There is of course also a chance that the same issue will occur if using a "native" compiler under Windows. I'd appreciate if if someone would test this.
You're running into a floating point precision issue; the fact that on an x86, the FPU does its calculations internally as 80 bit calculations but a double is stored as 64 bit. This really isn't a bug; it is an issue in a misunderstanding about floating point, and why you never should use doubles as loop counters.
step = 0.3442622950819672067
last pos = 20.65573770491803174
add the two and you get 20.9999999999999989467
This causes index to be 20 because the cast to size_t is done on the longer internally calculated variable directly using.
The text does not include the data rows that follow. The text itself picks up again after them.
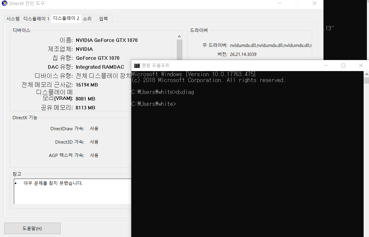 자신의 GPU가 어떤 것인지 모르시는 분들은 cmd를 키시고, dxdiag라고 쳐보십시요.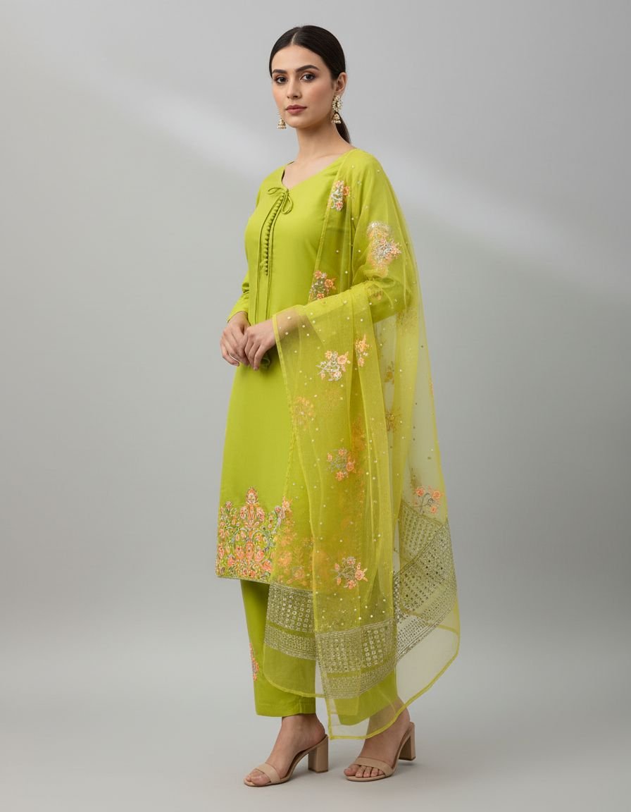 • Bottoms: Paired with matching straight-leg lime green trousers that feature a smaller embroidered floral patch at the hem to coordinate with the kurta.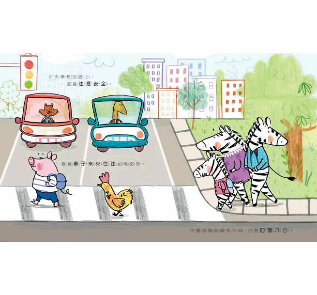 斑馬、小雞、小豬穿越馬路時,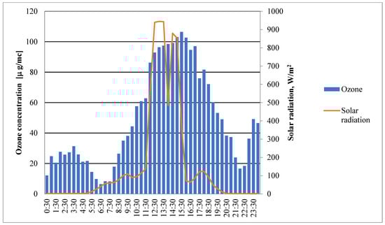 The data from the PP site on a sunny summer day (25 August 2021) illustrate the strong influence of solar radiation on ozone formation, as shown in Figure 6.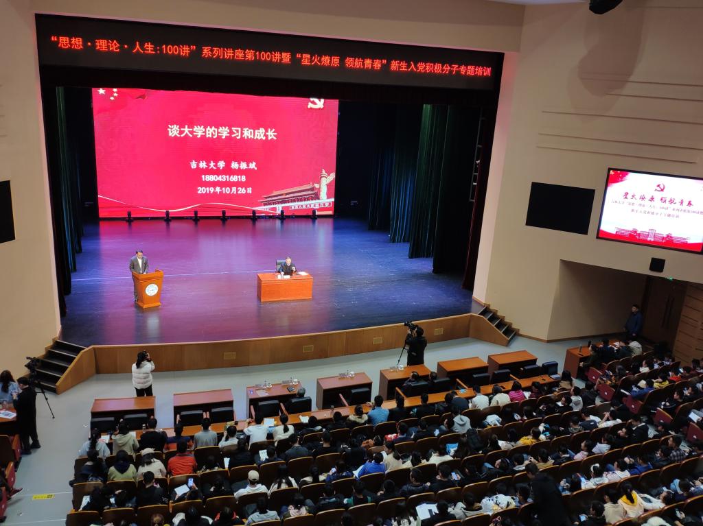 10月26日上午,米兰平台本科生第一、第二党支部36名2016级本科生党员参加了由杨振斌书记主讲的“思想·理论·人生:100讲”系列讲座第100讲,讲座主题为《谈大学的学习和成长》。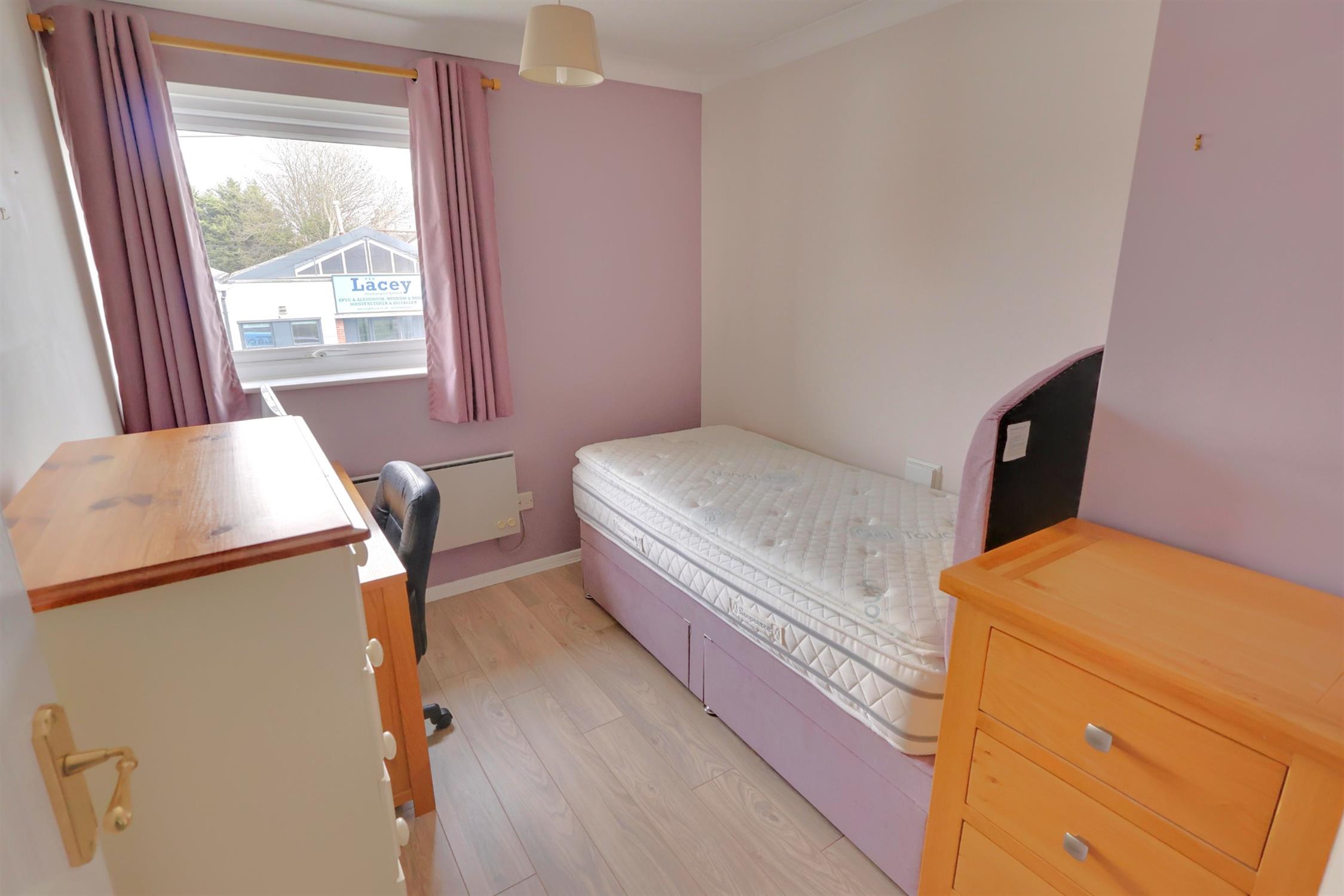 The main bedroom is a spacious double and includes a built-in wardrobe, while the second bedroom is versatile and well-suited as a guest room, home office, or hobby space.

Optimization during code generation is causing this because some loads and stores aren't being completed. You don't see this on the x64 because on that processor, the 387 fpu instructions are not used. Use -msse2 and -fpmath=sse to the x86 compiler and the issue "goes away"
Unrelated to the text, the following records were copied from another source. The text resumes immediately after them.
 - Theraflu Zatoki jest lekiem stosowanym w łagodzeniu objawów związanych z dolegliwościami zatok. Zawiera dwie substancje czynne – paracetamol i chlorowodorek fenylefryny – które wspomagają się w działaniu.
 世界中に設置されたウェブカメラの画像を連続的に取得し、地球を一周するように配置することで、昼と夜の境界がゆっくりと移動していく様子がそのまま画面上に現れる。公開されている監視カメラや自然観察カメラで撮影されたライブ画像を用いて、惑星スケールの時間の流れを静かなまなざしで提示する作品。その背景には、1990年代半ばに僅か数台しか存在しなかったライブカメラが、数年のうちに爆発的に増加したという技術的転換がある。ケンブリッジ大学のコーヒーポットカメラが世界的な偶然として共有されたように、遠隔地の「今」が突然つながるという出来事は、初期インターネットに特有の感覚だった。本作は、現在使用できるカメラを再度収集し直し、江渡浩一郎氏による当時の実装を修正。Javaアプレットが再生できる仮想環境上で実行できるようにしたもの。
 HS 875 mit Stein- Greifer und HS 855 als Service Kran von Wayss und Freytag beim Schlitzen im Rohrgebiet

Better: do not use floating point values as loop control parameters
for more information see https://gcc.gnu.org/wiki/FloatingPointMath#x86note
or https://gcc.gnu.org/wiki/x87note
That's a nice explanation of what's going on, and I must admit i didn't think about co-processors etc. I don't necessarily agree with your conclusion, though. I do realise that with floating-points, you often get results that are not quite what you expected when you accumulate values or do limit checks using direct comparisons. (The "real code" I was working on doesn't do this quite as naively as you might think; what's attached is a much simplified example.) That's not the main problem here, though. The real issue is that we do the same operation twice on the same variable, without intervening changes, and get different results. I can't see how that's not a bug.
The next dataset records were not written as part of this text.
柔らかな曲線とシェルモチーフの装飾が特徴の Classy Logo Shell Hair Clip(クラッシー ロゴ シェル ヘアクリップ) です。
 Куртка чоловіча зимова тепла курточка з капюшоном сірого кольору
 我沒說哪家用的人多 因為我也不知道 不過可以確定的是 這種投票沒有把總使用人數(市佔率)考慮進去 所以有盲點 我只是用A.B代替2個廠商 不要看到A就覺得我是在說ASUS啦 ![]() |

Yes, you have outlined a plausible cause for what happens, but it seems to me that you have described the cause of a bug, not acceptable behaviour.
Compiler optimizations are different between SSE2 and x87 instructions at the -O0 and -O2 levels. I gave you the cause, it is a rounding error introduced by a floating point coprocessor at a place beyond the IEEE significant digit area due to probably floating point constants and loop optimizations. There is no bug, except in the code, by using a transfinite variant that is not increasing monotonically due to the floating point rounding error. Even then, the optimizer has optimized out certain things and has transferred some of these to 64 bit memory locations (thus losing the 80 bit precision).
If you want to turn this off, use the -ffloat-store compiler option, which keeps the floating point intermediates in the floating point unit as long as possible.
This is a misunderstanding of optimization, how floating point works, and a "bug" in your code. GCC is allowed to reduce the IEEE down to 64 bit as soon as it wants to, but these things are only done at optimizations (with folding, lifting, and precomputations). Floating point is slow , and gcc optimizations take that into account and during the optimization phase it is choosing different math.
You are using a floating point value as the basis for your loop control parameter (the truncation during the conversion of index), which has been optimized to a different precision for the comparison at the beginning of the loop.
Well, I'm sorry you do not agree that this is a bug. I have actually verified gcc native targeting x86 for linux behaves exactly the same. If you really feel this is a bug, submit it to the gcc folks, but they are going to tell you exactly what I told you, to use the flag -ffloat-store compiler option.